A comment that you made about "somehow feeling closer" to your coworkers...

This is absolutely the truth. You and they will share things that nobody else ever will, and probably NEVER should! It forges friendships, and shows you who has special strengths, and what they are.

You hang in, and take care.

Specializes in ED, Pedi Vasc access, Paramedic serving 6 towns.

hi Kckstrt (and everyone),

I am sorry about your experience, but more sorry for the child and his/her family.

I am also a new RN in the ER (new as an RN in general, graduated May 07), but I had 9 years of EMS expereince to prepare me for some of the terrible things one sees working an ER. I still remember my first pediatric code, which was in the Field, it was a motor vehicle accident and three of the six children in an SUV made for five poeple (there were eight passengers in the vehilce toatal including two adults) were sitting in the rear cargo area, which had no seats and no seatbelts. All three of the children (ages 6, 8, and 11) were ejected from the vehilce, which was traveling between 85-90 MPH on a highway when the driver lost control and the vehicle rolled over. Two of the children were in traumatic arrest on our arrival, and one child, the six year old had agonal respirations and still had a carotid pulse, but she went into arrest soon after they loaded her in the ambulance, all three of them died.

I got angry, I think all of the rescuers had some form of anger towards the two adults in the car, one who made the choise to drive reclessaly and both of whom decided to put young children unbelted in an area of the vehicle made for THINGS, not people. I also had great sadness knowing three inocent lives had been suddenl eneded, needlesly. Like you I shed some tears after my shift, you have too, it is one of the way that your brain must deal with the emotional termoil of seeing a child die, espeically when it could have bee prevented. You also must get past that anger and sadness rather quickly, or learn to hold it in until later, because other patients depend on you to focus your attention on them. An important part of helping professionals deal with this type of tragity is CISD (Critical incident stress debriefing), it is not a counceling session, but rather a group geared activity to help you understand what others saw or did or how they felt and so that others can hear your expereince. This is an effective way to get your feelings out into the open without havign to worry about whta others think, because the "others" you are speaking with have been there. Please, also, as a new RN you may see the "macho" folks who say they don't need CISD or to talk to anyone etc, but please don't follow in their foot steps, we are human, and humans are emotional beings, so do not keep it pent up inside. If CISD is not an option, talk to your preceptor or antoher person about your feelings, especially if you show signs of difficult coping, it is very important.

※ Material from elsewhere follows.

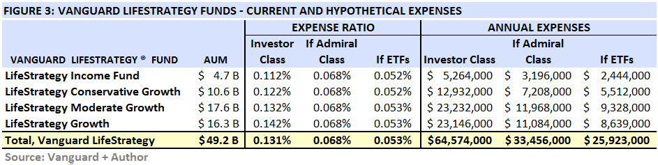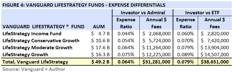 For the total $49.2 billion currently invested in LifeStrategy Funds, their costs might drop by almost half, from $64.6 million per year to $33.2 million per year — see FIGURE 3. These differentials are summarized in FIGURE 4, below.
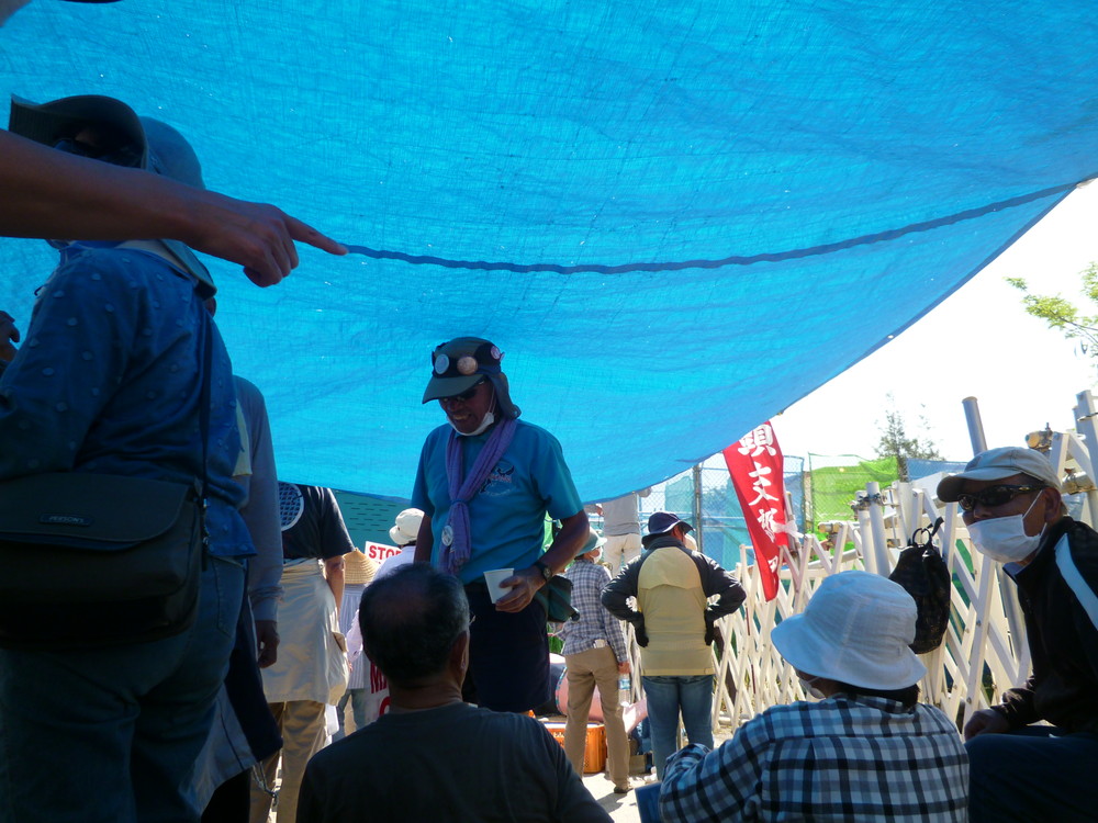 たまりかねて、檻の中で市民の側も対応策を取り、近くにあったブルーシートでにわかテントをしつらえて暑さを凌ぐ。

I would be lying if I said once I went to the CISD, that I never thought about the three girls again. Every healthcare worker, esepcially those working in critical care areas, have a call or a patient that touched them so deeply that they cannot forget. Every few months I think about those girls and their families, and how they are coping, and I also think about what they would be doing now, since they would be a bit older, and what they are missing out on. I was able to turn this negative emotional energy into a positive,as I was given the oppertunity to do some speaches in a communications class, I gave an hour long speach on seat belts and motor vehicle safety using this experience, I can tell you I know that I made a differenece because I could tel by the faces of those in teh audience. I feel this was improtant because I felt like my doing that call served some purpose, if such a bad experience can serve some purpose, I accomplished that and so can you, just by educating the parents of small children whom you discharge.

I appologize for the poor spelling and the long winded post. Yes it is normal for one to feel sad when they are touched by a patient or situation whether work related or not, you are human and always will be, with that comes human emotions. Remember that not all things sad happen in the ER, I delivered a baby just a few weeks ago.... so you never know what your day will be like.